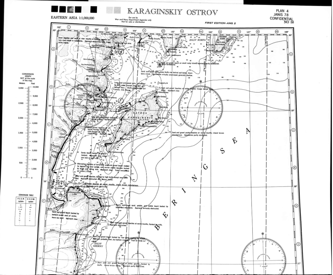 Обозначение на картах мест высадки с описанием наиболее удобных зон высадки с тяжёлым вооружением говорит о готовившейся во время ВМВ силами англосаксов и их союзников операции отторжения у СССР островных территорий на Дальнем Востоке и полуострова Камчатка.
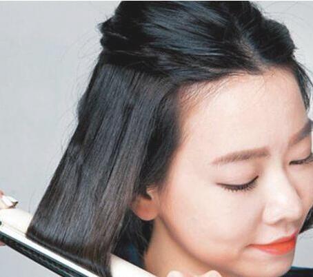 烫头发的时候,不同方位的发型,梳起来自然是要不一样的,脸颊两边的头发,向前倾斜60度角,前边的头发要高一些,卷发棒方向注意保持。
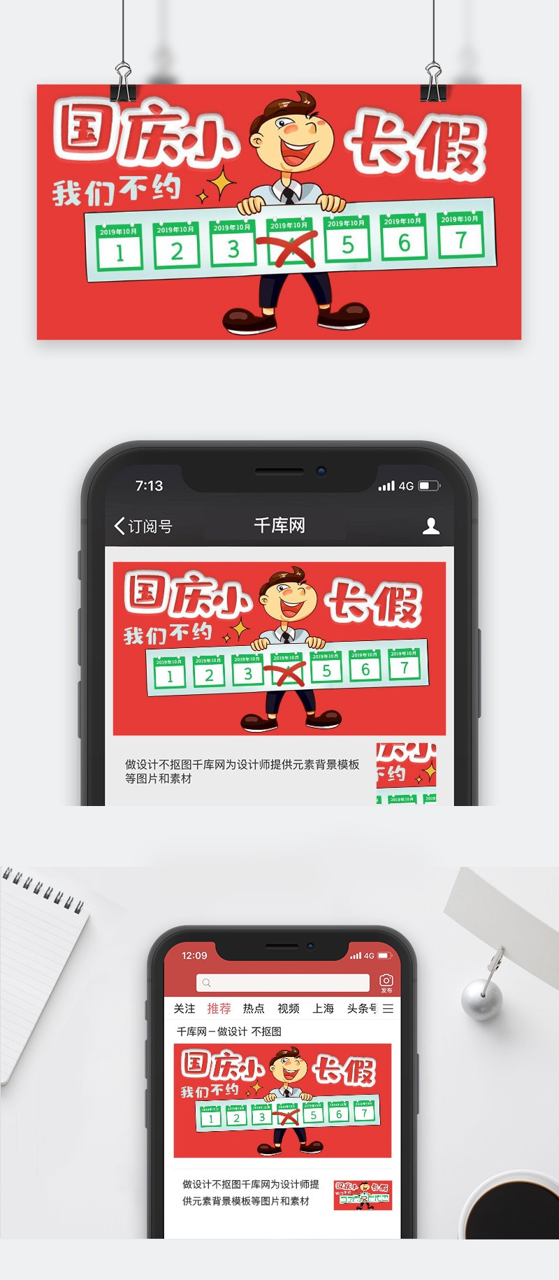 90设计提供手机配图微信配图国庆节放假通知设计素材下载,高清PSD格式。【通用】多类目可用,产品、模特均可替换。【PSD】精细分层,贴好片。【设计】由90设计师独家设计。点击右侧免费下载按钮可进行手机配图微信配图国庆节放假通知淘宝设计素材高速下载。
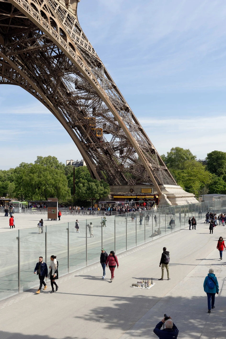 The entrances to the Eiffel Tower have been reorganized. You enter the area of the landscaped garden, which has been carefully restored and faithfully redesigned by the Swiss landscape architect Vogt, in the vicinity of the Avenue Gustave Eiffel on the narrow flanks of the park: six adjoining, equally transparent entrance gates of glass with filigree glass roofs, on which two security points control visitors, ensure that visitors move in a speedy but orderly manner.

* Exercise: Give back all the data exactly, minus pictures.

* Response below:
 Обозначение на картах мест высадки с описанием наиболее удобных зон высадки с тяжёлым вооружением говорит о готовившейся во время ВМВ силами англосаксов и их союзников операции отторжения у СССР островных территорий на Дальнем Востоке и полуострова Камчатка.
 烫头发的时候,不同方位的发型,梳起来自然是要不一样的,脸颊两边的头发,向前倾斜60度角,前边的头发要高一些,卷发棒方向注意保持。
 90设计提供手机配图微信配图国庆节放假通知设计素材下载,高清PSD格式。【通用】多类目可用,产品、模特均可替换。【PSD】精细分层,贴好片。【设计】由90设计师独家设计。点击右侧免费下载按钮可进行手机配图微信配图国庆节放假通知淘宝设计素材高速下载。
 The entrances to the Eiffel Tower have been reorganized. You enter the area of the landscaped garden, which has been carefully restored and faithfully redesigned by the Swiss landscape architect Vogt, in the vicinity of the Avenue Gustave Eiffel on the narrow flanks of the park: six adjoining, equally transparent entrance gates of glass with filigree glass roofs, on which two security points control visitors, ensure that visitors move in a speedy but orderly manner.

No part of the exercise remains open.